In 1998, Sergey Galitskiy opened a small grocery in his hometown of Krasnodar, 800 miles south of Moscow.
Over the next two decades he expanded that modest operation into an empire with almost $20 billion in sales and 16,000 stores across Russia, amassing a fortune valued at some $5 billion in the process. On Friday, he walked away.
Galitskiy will quit as chief executive officer of Magnit after selling 138 billion rubles ($2.5 billion) of shares - 29% of the company - to the state-controlled VTB Group, Magnit said in a regulatory filing.
Though he had been cutting his stake in the chain in small increments in recent years, the market was surprised to see him bail almost entirely - selling his shares at 3.9% below Thursday’s closing price. After Friday’s deal, Galitskiy owns about 3% of Magnit.
The disposal comes after Magnit had struggled to manage its rapid expansion and fend off competitors, especially X5 Retail Group, controlled by rival billionaire Mikhail Fridman.

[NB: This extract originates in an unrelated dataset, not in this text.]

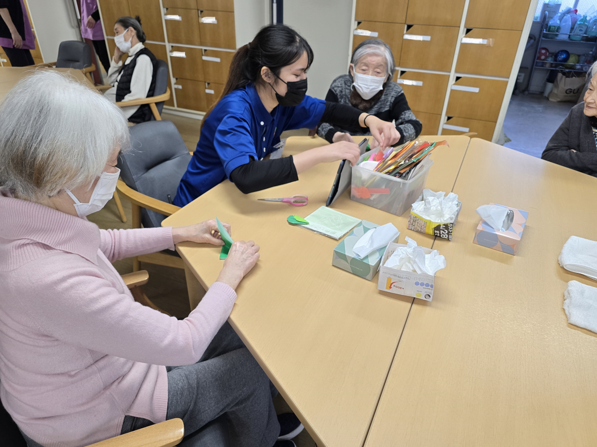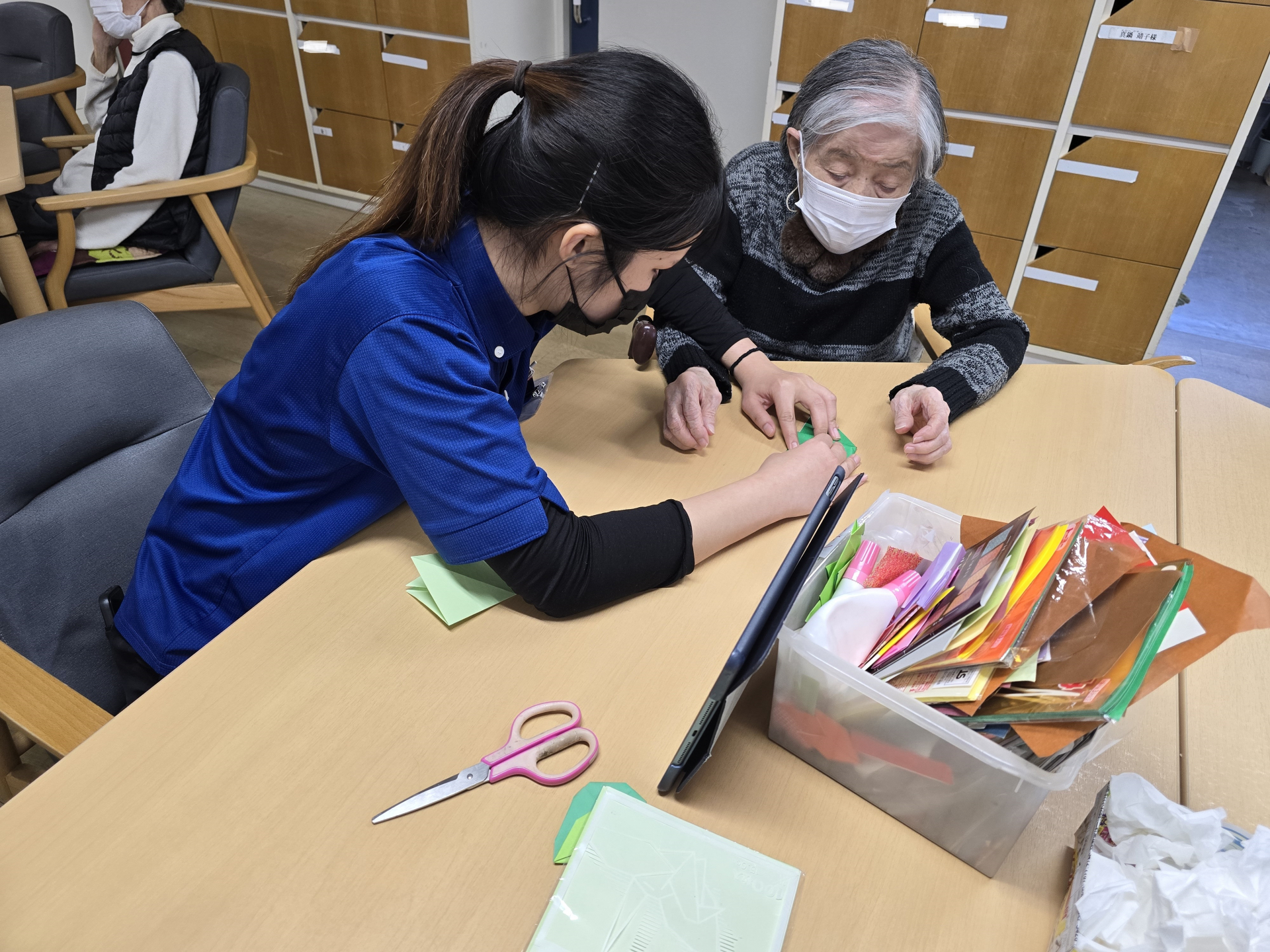 緑色で何を作っているでしょうか!!F職員に教えてもらいながら真剣に折っています!!

With its sales growth slowing, Magnit in 2016 ceded the title of Russia’s largest retailer to X5, and its shares have fallen by more than half in the past 12 months. Magnit dropped as much as 7% in Moscow trading on Friday, to the lowest since 2012.
Business Decision
Galitskiy said he decided to sell because his views on running Magnit clashed with those of other shareholders, as the market demanded fast growth and he preferred to focus on profitability, Interfax reported.

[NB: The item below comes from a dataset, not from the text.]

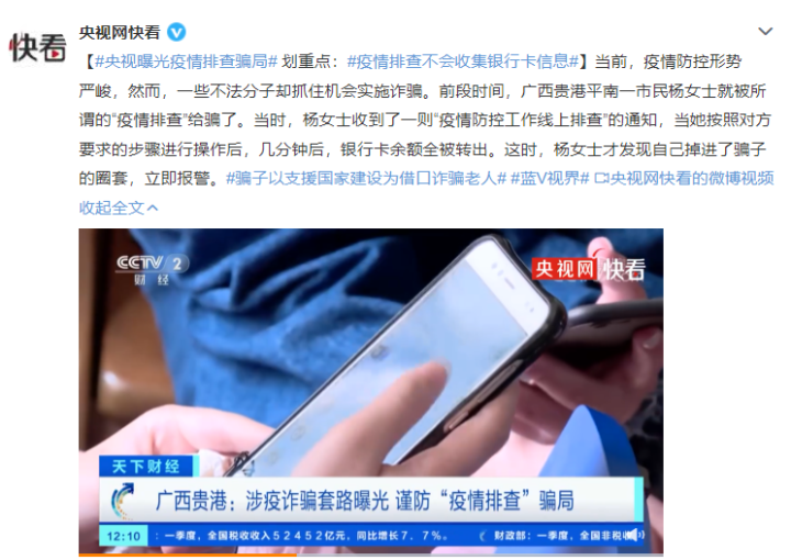 当前,疫情防控形势严峻,然而,一些不法分子却抓住机会实施诈骗。前段时间,广西贵港平南一市民杨女士就被所谓的“疫情排查”给骗了。当时,杨女士收到了一则“疫情防控工作线上排查”的通知,当她按照对方要求的步骤进行操作后,几分钟后,银行卡余额全被转出。这时,杨女士才发现自己掉进了骗子的圈套,立即报警。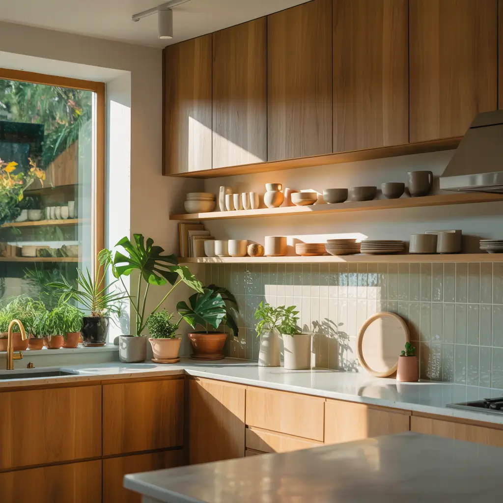 My current obsession? White oak cabinets with zellige tiles in deep emerald green. The organic nature of both materials creates harmony despite the bold color choice. The wood’s warmth balances the cool green perfectly.

“It was a difficult decision since I founded this company,” he said at a signing ceremony in Sochi, clearly emotional, in a broadcast shown on RBC Television. “But nothing is forever. I shouldn’t oppose this process. If investors want changes, they should get them.”
The haste with which the deal was put together, the relatively low price, and the fact that the buyer was a state-controlled bank indicate that Galitskiy made “an emotional rather than a rational decision,” said Alexey Krivoshapko, director at Prosperity Capital who helps manage $4.2 billion in assets, including Magnit shares.
But there have been underlying problems that must be addressed, Krivoshapko said, and the company might well benefit from new leadership.
“Magnit has been underperforming for the last two years,” Krivoshapko said. “Management has been missing sales targets and pushing an unrealistic plan to improve margins by producing its own food.”
Magnit’s customer base in the regions was hard hit by soaring inflation and a two-year economic recession. Consumer demand is now slowly recovering, supported by lower inflation and a strengthening of the ruble.
Sandwich Takeover
With investor concern growing over high-profile takeovers of oil and banking assets by state-controlled entities in the past 18 months, VTB was quick to defend the acquisition as just another investment. VTB owns 3% of another Russian retailer, Lenta, as well as 27.5% of wireless carrier Tele2 Russia.
VTB’s First Deputy CEO Yuri Soloviev said the purchase of Magnit was “purely an investment decision.” Speaking to reporters at an investment conference in Sochi, Soloviev pointed to his bank’s 2012 purchase of 47% of fast-food chain Burger King’s Russian franchise operation as an example of its experience in the retail and consumer sector.
“When we bought a stake in the Burger King franchise,” he said, “did you worry about a state takeover of sandwiches?”
Chief Financial Officer Khachatur Pombukhchan has been appointed Magnit’s new CEO. Though Pombukhchan told investors last month that the company wouldn’t pay a dividend this year, Magnit on Friday said that a dividend is now planned for the second half.
Magnit also said it is considering a share buyback, part of which would be used for a management incentive plan.
After Magnit’s sharp drop on Friday, Vadim Bit-Avragim, a money manager at Kapital Asset Management in Moscow, suggested investors should brace for further declines. He said Galitskiy’s business strategy of rapid growth didn’t suit the current market in Russia, spurring him to look for an exit.
“I’m guessing he’s been mulling a sale for a while now,” Bit-Avragim said. “And he just couldn’t find a good foreign buyer.”